Shariati: But you are looking at the religion of legitimation—the “Islam of the Palace,” of the Caliphs and the Shahs who use God as a theological disciplinarian, the heavenly panopticon. I speak of the religion of protest. Look at the history of the prophets! They weren’t the guardians of the temples, but the smashers of the idols.
In its fundamental semantics, Islam is not a spiritual narcotic; it is the crimson pulse of Red Shi’ism. It is the Karbala Paradigm in motion: a principled refusal to legitimize oppression, even when such resistance demands the ultimate price of blood.
For the colonized, God is not an abstraction in the clouds; He is the ultimate guarantor of justice. Without a transcendental anchor, your revolution becomes a mere struggle for power, a horizontal reshuffling of masters. You risk creating a “Black Skin, White Masks” situation where the new leaders simply replace the colonial governor with a secular bureaucrat who is just as “Westoxified”—what I call Gharbzadegi.
Fanon: (Leaning forward) Justice is not written down by the heavens, Ali; it is forged in the battleground, in the blood of the struggle, when the body burns the peace offer of a bullet.
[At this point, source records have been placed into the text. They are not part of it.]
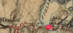 375 Meter nordnordwestlich des Schlosses befand sich die Zickenburg und 575 Meter nordnordwestlich die Zinnenburg.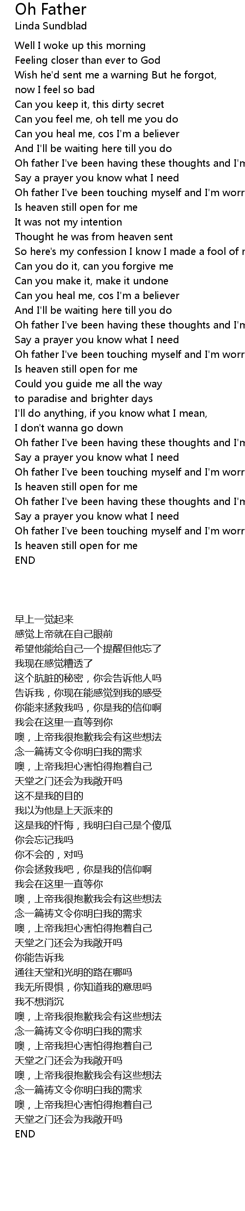 Oh father I've been touching myself and I'm worried |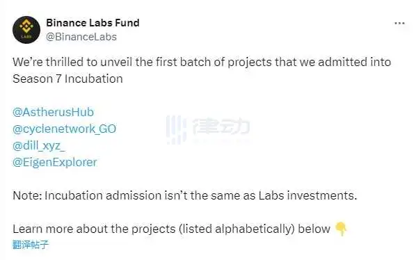 Binance Labs Fund announces the first batch of projects to be incubated in the seventh season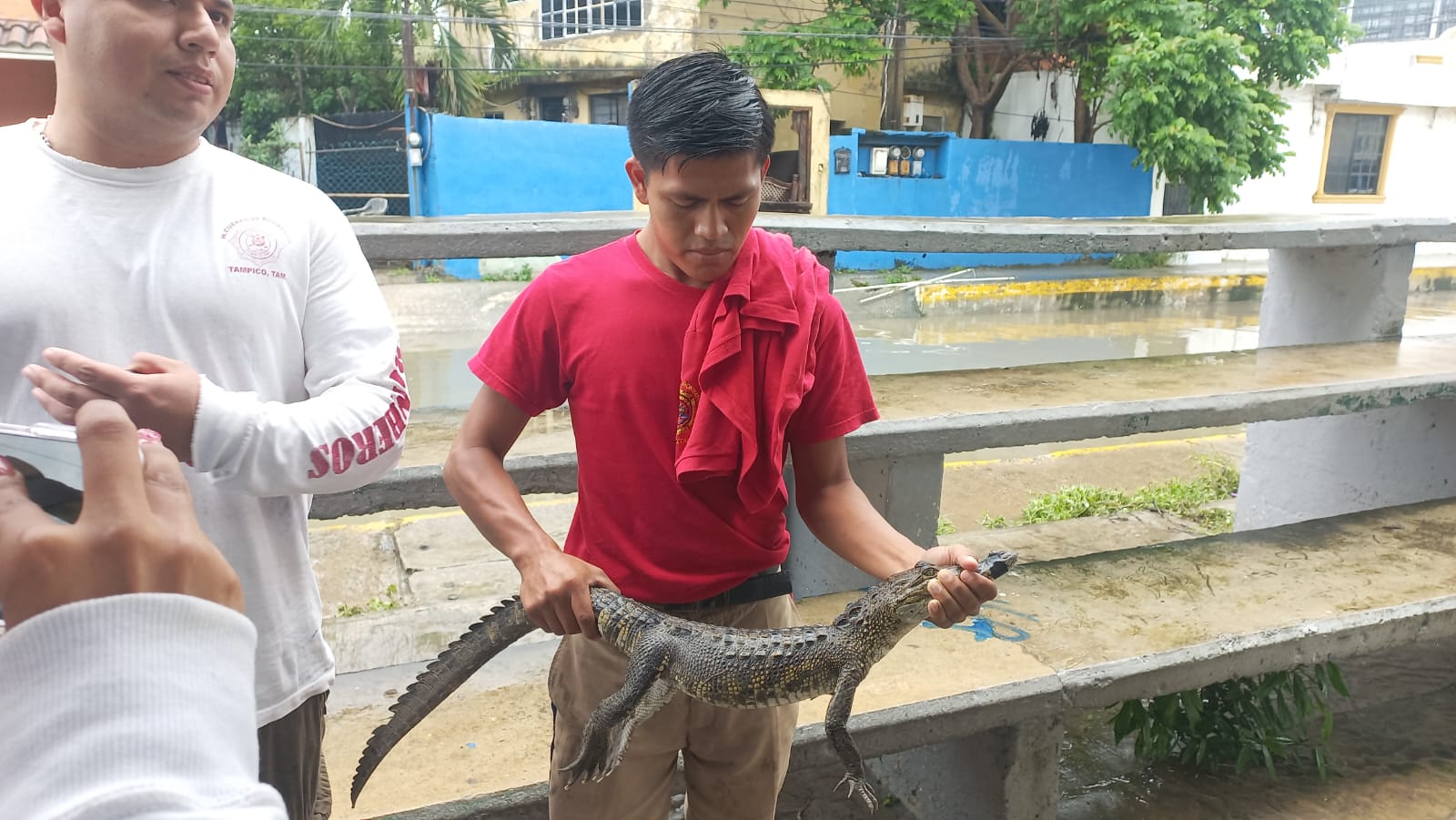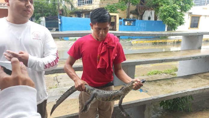 Tampico, Tamaulipas. -Este viernes al medio día al caminar por la calle Democracia, de la colonia Frente Democrático don José Francisco Medrano residente de la colonia Tampico-Altamira de la urbe industrial, atrapó un pequeño cocodrilo. A unos metros del cuartel de Bomberos en Tampico.

My concern is not with “red” or “black” modalities of theology, but with the anatomy of the religious mind itself. Religion reinforces the “split” in the colonized person’s psyche. It creates an externalized authority that the native looks to for permission. If the revolutionary must wait for a divine signal or look toward a past “Golden Age” of the 7th century, he is not fully present in the now. The liberation of the native must be total. It must be a secular, humanistic realization that Man is the creator of his own history. When we kill the colonizer, we are also killing the “God” that the colonizer used to justify our subhuman status. Your “Red Shi’ism” is still a chain, even if you paint it red.
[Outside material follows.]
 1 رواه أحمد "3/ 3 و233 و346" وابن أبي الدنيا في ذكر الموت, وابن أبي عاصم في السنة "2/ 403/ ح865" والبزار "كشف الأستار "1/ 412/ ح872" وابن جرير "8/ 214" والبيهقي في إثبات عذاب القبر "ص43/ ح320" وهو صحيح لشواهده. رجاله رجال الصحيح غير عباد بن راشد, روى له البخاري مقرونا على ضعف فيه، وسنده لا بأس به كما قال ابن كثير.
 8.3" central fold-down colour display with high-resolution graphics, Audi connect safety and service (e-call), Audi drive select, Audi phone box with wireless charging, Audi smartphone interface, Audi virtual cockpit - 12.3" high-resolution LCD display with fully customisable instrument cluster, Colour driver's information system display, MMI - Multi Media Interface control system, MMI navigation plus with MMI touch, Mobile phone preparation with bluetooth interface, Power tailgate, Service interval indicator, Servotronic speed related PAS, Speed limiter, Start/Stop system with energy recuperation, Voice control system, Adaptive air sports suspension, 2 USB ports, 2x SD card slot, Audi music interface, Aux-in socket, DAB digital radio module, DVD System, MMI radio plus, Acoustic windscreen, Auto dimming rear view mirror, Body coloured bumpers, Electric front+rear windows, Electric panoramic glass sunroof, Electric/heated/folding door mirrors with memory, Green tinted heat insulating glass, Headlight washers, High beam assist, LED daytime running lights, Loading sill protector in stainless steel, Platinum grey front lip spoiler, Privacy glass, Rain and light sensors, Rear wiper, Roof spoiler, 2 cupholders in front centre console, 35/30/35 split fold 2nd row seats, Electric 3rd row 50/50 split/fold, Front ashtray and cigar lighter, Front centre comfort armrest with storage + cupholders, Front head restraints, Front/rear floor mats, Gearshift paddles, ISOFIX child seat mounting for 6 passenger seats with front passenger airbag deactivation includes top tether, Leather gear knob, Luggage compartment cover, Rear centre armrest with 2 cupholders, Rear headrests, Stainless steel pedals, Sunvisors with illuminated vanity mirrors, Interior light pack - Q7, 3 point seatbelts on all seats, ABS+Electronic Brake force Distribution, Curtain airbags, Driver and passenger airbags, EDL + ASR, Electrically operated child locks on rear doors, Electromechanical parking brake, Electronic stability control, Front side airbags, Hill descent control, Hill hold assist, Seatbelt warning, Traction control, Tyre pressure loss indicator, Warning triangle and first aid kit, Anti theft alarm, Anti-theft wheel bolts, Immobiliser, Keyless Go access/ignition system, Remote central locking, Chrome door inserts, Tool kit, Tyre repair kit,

Shariati: You call it a chain; I call it a compass. You talk of the “cleansing power” of violence as a psychiatric necessity. Is that not a secularized liturgy? You are asking the peasant to die for an idea—”The Nation,” “The Revolution,” “The Dialectic.” Why should he? Why should a man lay down his life for a sociological category? He will do it for the Absolute. He will do it because he believes his struggle is aligned with the very pulse of the universe—with Tawhid, the unity of God and the universe. You want to mobilize the masses using the intellect of the Sorbonne, but the heart of the masses beats in the Mosque. If we, the “enlightened souls” (Raushan-fikr), don’t reclaim the language of faith, the reactionaries and the “Black Shi’ites” will use it to destroy our revolution from within.
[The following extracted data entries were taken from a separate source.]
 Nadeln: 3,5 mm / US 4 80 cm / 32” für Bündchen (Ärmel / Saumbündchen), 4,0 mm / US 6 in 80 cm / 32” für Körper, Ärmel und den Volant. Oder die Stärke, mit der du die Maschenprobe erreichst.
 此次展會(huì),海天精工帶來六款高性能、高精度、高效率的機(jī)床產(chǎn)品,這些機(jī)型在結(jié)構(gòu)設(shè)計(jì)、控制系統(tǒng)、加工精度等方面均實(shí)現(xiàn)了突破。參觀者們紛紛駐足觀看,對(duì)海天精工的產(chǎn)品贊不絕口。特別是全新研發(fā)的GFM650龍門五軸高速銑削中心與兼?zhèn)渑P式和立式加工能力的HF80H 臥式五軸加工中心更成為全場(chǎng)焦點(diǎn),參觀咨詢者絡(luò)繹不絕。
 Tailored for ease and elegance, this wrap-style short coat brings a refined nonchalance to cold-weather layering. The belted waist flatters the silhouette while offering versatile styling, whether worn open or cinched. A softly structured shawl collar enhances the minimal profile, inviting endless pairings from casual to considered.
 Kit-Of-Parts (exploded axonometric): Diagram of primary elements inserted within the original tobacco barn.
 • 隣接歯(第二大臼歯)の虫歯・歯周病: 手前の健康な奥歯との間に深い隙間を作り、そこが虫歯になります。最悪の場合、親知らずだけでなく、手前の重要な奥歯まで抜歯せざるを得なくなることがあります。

Fanon: And that is precisely the danger! By validating the religious framework, you provide a Trojan horse for the old guard. You think you can use the “revolutionary Mosque” to win, but once the war is over, the mullahs will not return to their prayers. They will demand the right to police the “new man’s” morality, his wife’s clothing, his very thoughts. The tragedy of the Third World is often the replacement of a foreign tyrant with a domestic priest who claims to speak for the Infinite. I prefer the clarity of the secular struggle—where we fight for bread, for land, for dignity, for the right to be human without needing a cosmic permission slip. Violence “works” because it is a total mediation; it forces the native to rely on his own arm, not on a miracle.
Shariati: You see the priest; I see the martyr (Shahid). You see the dogma; I see the ideology of liberation. In the East, “Secularism” is often just another Western export, a form of cultural imperialism that alienates the intellectual from the people. If I go to the Iranian peasant and speak of “existentialist authenticity” or “Lacanian lack,” he stares at me in silence. He thinks I am a ghost of Europe. But if I speak of “Ali, the Red,” the champion of the oppressed who lived a life of poverty and died for justice, he rises. We are not “going back” to the past; we are extracting the revolutionary marrow from our heritage to fuel the future. We are making the Prophet a contemporary of the revolutionary.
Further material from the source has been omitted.